An Ancient Egyptian area, Forbidden Kingdom was created in 1994 originally opening with the Terror Tomb dark ride. Currently, it only contains two rides; Tomb Blaster and Croc Drop.

Opening in 2002 Tomb Blaster is a dark ride shoot out game where riders shoot laser guns at targets and is a retheme of the 'Terror Tomb' dark ride. One side of Forbidden Kingdom is architecturally designed as an Arabic market town, while Tomb Blaster is set in an Ancient Egyptian courtyard tomb area, though much detail has been removed throughout the area over the years.

The second attraction located in Forbidden Kingdom is a brand new family drop tower Croc Drop. The ride opened as a replacement to Rameses Revenge in March 2021, and is themed around the Egyptian crocodile god Sobek.
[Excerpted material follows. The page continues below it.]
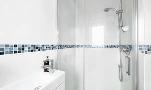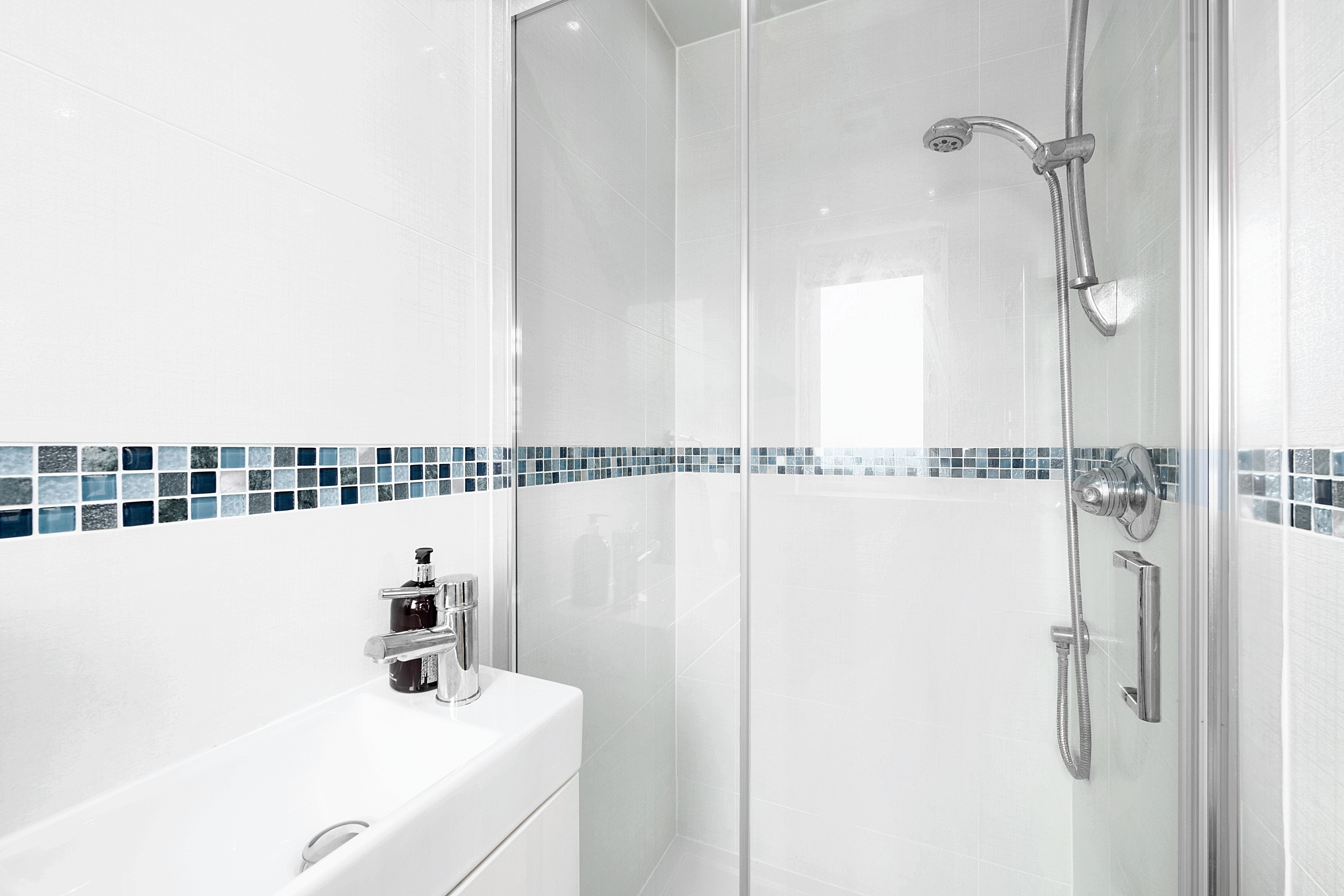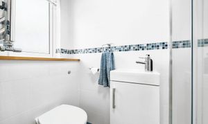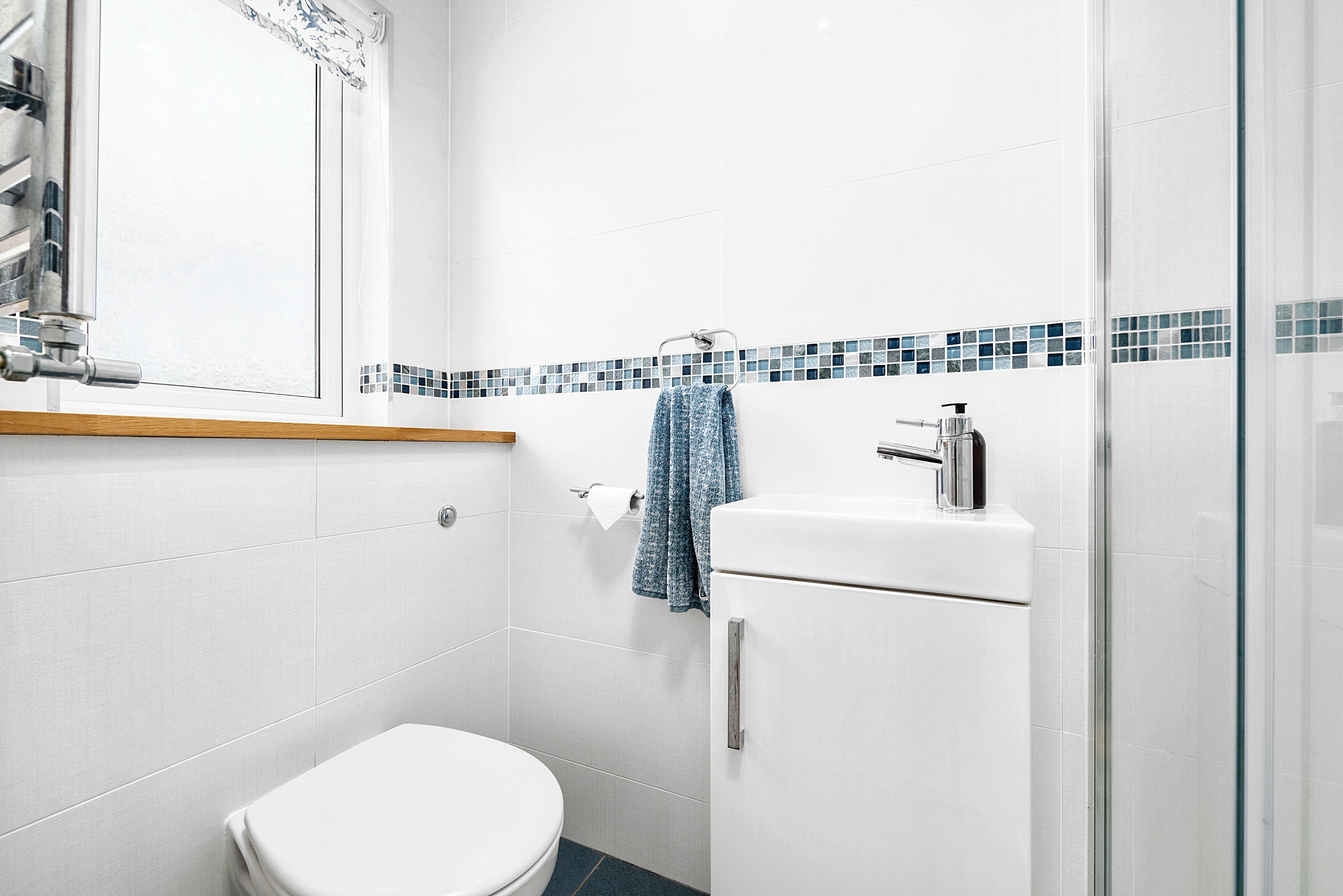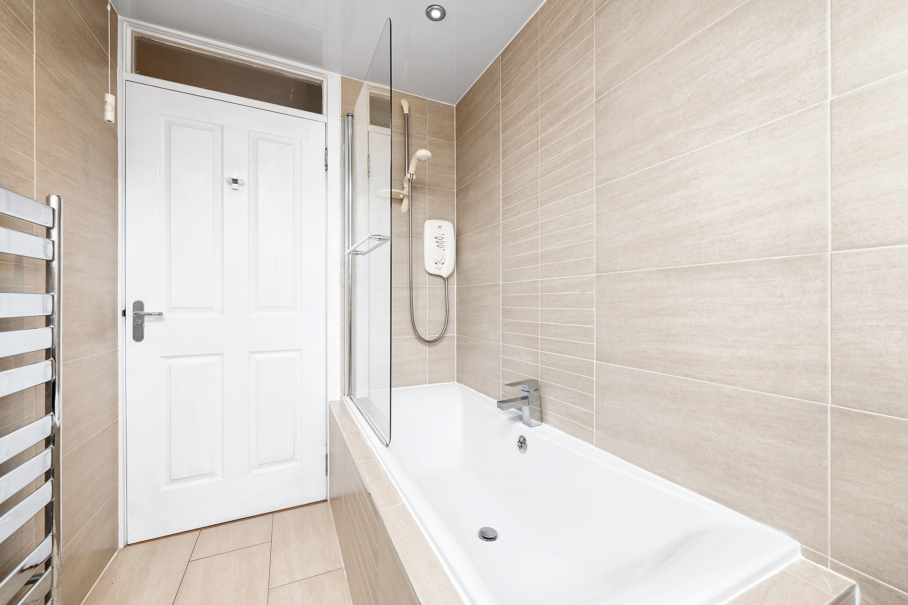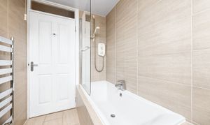 The family bathroom is stylishly finished with fully tiled walls and features a contemporary back-to-wall WC and a sink set into a practical vanity unit. A bath with an overhead electric shower and glass screen provides convenience, while a chrome heated towel rail adds a touch of modern comfort.

The ride's slogan is, "Brave the drop, release the curse!".

Rattlesnake is a steel sit-down Wild Mouse roller coaster that opened in 1998 in the former Mexicana area. In 2026, due to the redevelopment of most of Mexicana as World of Paw Patrol, the ride was reclassified under the adjacent Forbidden Kingdom area.

===Land of the Dragons===
Land of the Dragons is the park's main children's area. Opening in 2004, it is a self-contained, dragon-themed land containing rides and attractions designed to appeal to very young children apart from one. It is one of the two areas of the park not themed to a time or place from world culture. There are two play areas in the land: Dragon's Playhouse, a large soft play area, and adjacent to this is Canopy Capers, an outdoor treehouse rope bridge attraction. Griffin's Galleon is a Kontiki rock'n'tug ride and Sea Dragons is a spinning boat ride.
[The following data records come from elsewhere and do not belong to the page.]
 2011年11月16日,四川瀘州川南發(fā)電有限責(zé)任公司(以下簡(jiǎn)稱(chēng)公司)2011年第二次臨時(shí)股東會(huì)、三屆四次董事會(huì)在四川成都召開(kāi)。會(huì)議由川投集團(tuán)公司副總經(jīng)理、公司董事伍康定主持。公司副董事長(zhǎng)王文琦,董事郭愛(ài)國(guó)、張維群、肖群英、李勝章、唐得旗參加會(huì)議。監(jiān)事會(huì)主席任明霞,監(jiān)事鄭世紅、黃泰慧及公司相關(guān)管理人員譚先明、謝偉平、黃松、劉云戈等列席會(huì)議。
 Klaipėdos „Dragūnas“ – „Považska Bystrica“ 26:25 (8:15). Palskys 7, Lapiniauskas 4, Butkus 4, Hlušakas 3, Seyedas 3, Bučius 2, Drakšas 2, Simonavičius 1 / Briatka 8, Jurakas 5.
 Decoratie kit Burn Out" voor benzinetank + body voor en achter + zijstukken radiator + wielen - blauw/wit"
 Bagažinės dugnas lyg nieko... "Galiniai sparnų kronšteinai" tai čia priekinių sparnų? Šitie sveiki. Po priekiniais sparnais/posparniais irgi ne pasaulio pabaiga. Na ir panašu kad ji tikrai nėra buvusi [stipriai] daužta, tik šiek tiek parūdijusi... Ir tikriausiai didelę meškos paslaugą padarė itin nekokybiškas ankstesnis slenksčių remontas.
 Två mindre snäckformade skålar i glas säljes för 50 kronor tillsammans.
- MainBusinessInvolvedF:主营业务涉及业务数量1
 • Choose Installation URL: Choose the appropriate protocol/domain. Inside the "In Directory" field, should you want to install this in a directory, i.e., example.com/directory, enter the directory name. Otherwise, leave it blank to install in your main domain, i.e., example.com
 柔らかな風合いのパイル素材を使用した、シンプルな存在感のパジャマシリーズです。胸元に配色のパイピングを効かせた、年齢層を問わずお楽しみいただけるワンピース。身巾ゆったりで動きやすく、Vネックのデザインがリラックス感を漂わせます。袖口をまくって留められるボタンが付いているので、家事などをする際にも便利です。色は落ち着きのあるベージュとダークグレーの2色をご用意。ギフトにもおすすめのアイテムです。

Aside from the children's attractions, Dragon's Fury is an intense spinning roller coaster encompassing the area with its layout.

===Rainforest===
Rainforest is a small area aimed at families. Its architecture is recycled from the previous "Toytown" theme, with the original caricatured buildings redressed as African huts. Its previous name "Africa" has been home of the Madagascar franchise since opening in 2012. In 2020 it was refurbished as The Rainforest with a new mini log flume, River Rafts, relocated from Weymouth Sea Life Centre.
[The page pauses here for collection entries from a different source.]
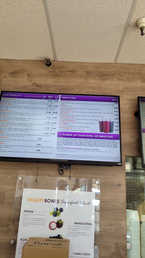 The acai bowls are a standout, particularly the Vitality Bowl and Tropical Bowl, crafted with organic acai and topped with an array of fresh fruits and granola, ensuring a nutrient-rich experience. Customers have praised the smoothies for their perfect texture and taste, while the staff's friendly service consistently enhances the experience. Whether you're looking for a hearty meal or a refreshing snack, Vitality Bowls San Ramon promises to satisfy and nourish!
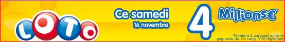 Pour le prochain tirage loto Samedi 16 novembre 2013 cagnotte de 4 millions €
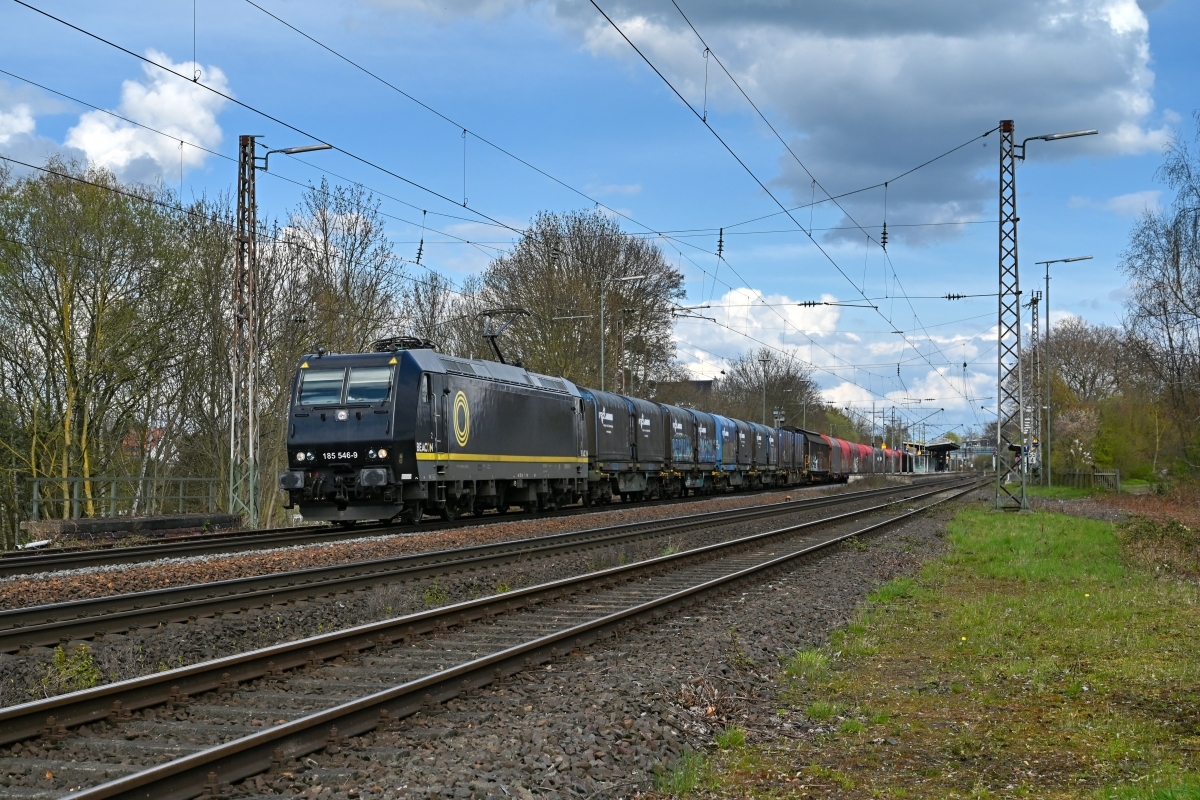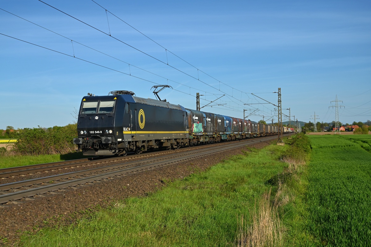 Dto. 185 546-9 am 03.05.2023 bei Bückeburg (HBKB) Berenbusch mit dem Nievenheimer DGS
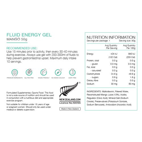 Fluid Energy Gels are more liquid than a traditional gel making them quick and easy to consume on the go.
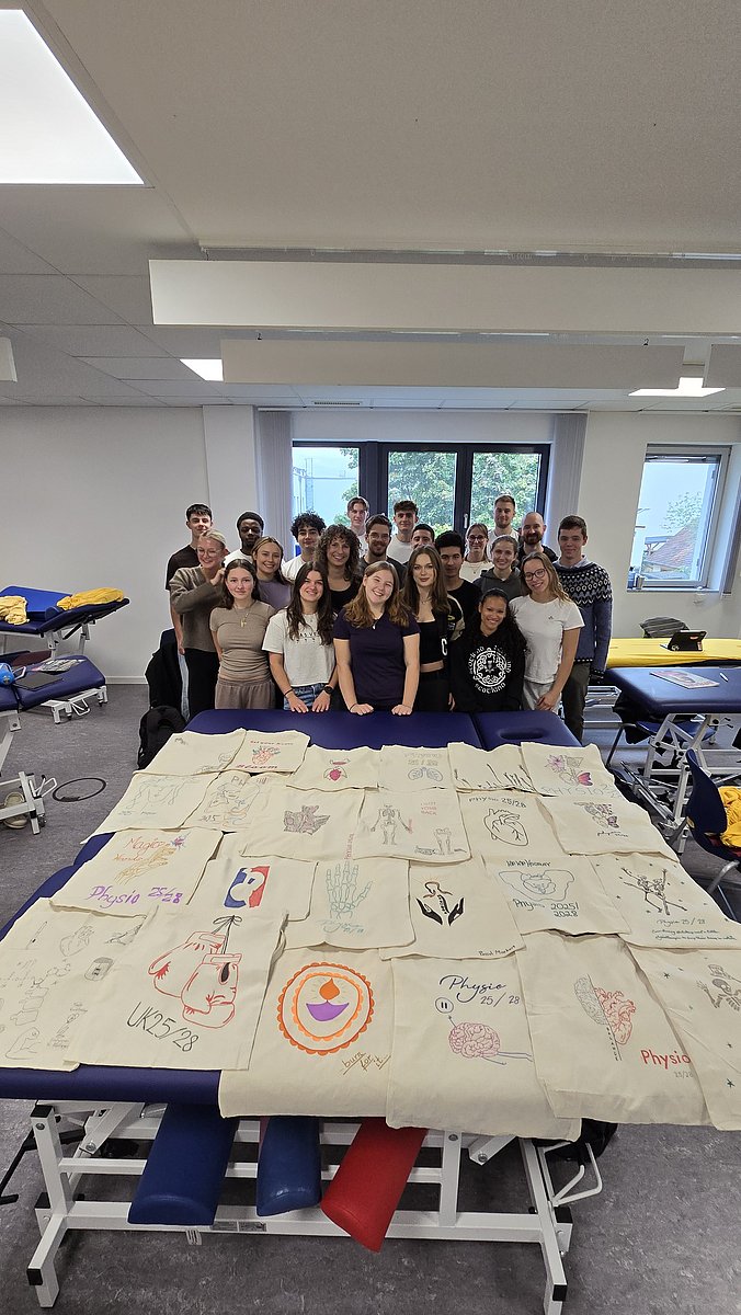 Am 1. Oktober 2025 wurden 26 Schülerinnen und Schüler des neuen Unterkurses an der Berufsfachschule für Physiotherapie am BSZG Erlangen herzlich von der Schulleitung und dem Lehrerteam begrüßt. Der Mittelkurs (2. Ausbildungsjahr) empfing die neuen Mitschülerinnen und Mitschüler mit einem großzügigen Buffet und selbst bemalten Taschen, die mit notwendigen Arbeitsmitteln bestückt wurden und übernahmen als Paten die erste Begleitung durch den Schulalltag. Voller Erwartung starteten die neuen Auszubildenden nun in ihre ersten physiotherapeutischen Lerninhalte.

===Wanyama Village & Reserve===
Wanyama Village & Reserve is Chessington's African area in the form of a large animal reserve. It has ZUFARI – Ride into Africa! as the key attraction, a safari truck adventure through an undiscovered area of Africa. Making up part of the ZUFARI landscape is the Wanayama Village and Reserve, an African themed area of the zoo. The ZUFARI field and Wanyama Reserve are used as a backdrop to the Safari Hotel. ZUFARI's total size is 22 acres and has flamingos, giraffe, ostrich, Nile lechwe, white rhino, Grevy's zebra, scimitar horned oryx and sitatungas. Along the pathways of Zufari are various African-style paintings on fences. In the centre of the Wanyama section of ZUFARI is a large faux-stone carving of a lion. A winding waterfall runs along its side. The area's name was changed in 2020 from ZUFARI to Wanyama Village & Reserve.

===World of Jumanji===
World of Jumanji is an area themed to the franchise of the same name, that opened on 15 May 2023, becoming Chessington's 11th themed area. The area features a B&M Shuttle Launched Wing coaster, Mandrill Mayhem and two SBF Visa Group attractions, Mamba Strike and Ostrich Stampede. As well as three rides, the area features extensive theming, immersive 'carnival style' games, themed food and retail experiences, and finally play equipment and a treasure hunt around the area.

===World of Paw Patrol===
World of Paw Patrol is a area themed to the series of the same name, that opened on 3 May 2026, as Chessington's 12th themed area. It replaced Scorpion Express that closed in 2022. The area features two Zierer rides and two Zamperla rides. Zuma's Hovercraft Adventure is a drifter ride which is the first of its kind in the UK, Marshall's Firetruck Rescue is a bus ride that was originally located at Beanoland and Wild Asia from 2001 to 2024 where it operated as Bash Street Bus and Jungle Bus, Skye's Helicopter Heroes is a helicopter ride, and Chase's Mountain Mission is a kiddie roller coaster which is the main attraction of the area.

===Operating season===
The operating season usually starts around mid March and runs until the start of November. Chessington also opens around Christmas holidays and the February half terms for certain events, which include opening up some selective rides for those events.

==Zoo==
In 1931, Reginald Goddard opened the Chessington Zoo. In 1946 when Goddard died, the Pearson Publishing Company took over the zoo and managed it until 1978, when The Tussauds Group took control of the park. A number of animals were moved to other zoos during the construction of the theme park. In 1990 the polar bears left the park, as did the hippos and elephants in 1993. In 1994 the snow leopards were relocated to the lion and tiger area. For a time the attraction was called Animal Land, before returning to Chessington Zoo in 2007.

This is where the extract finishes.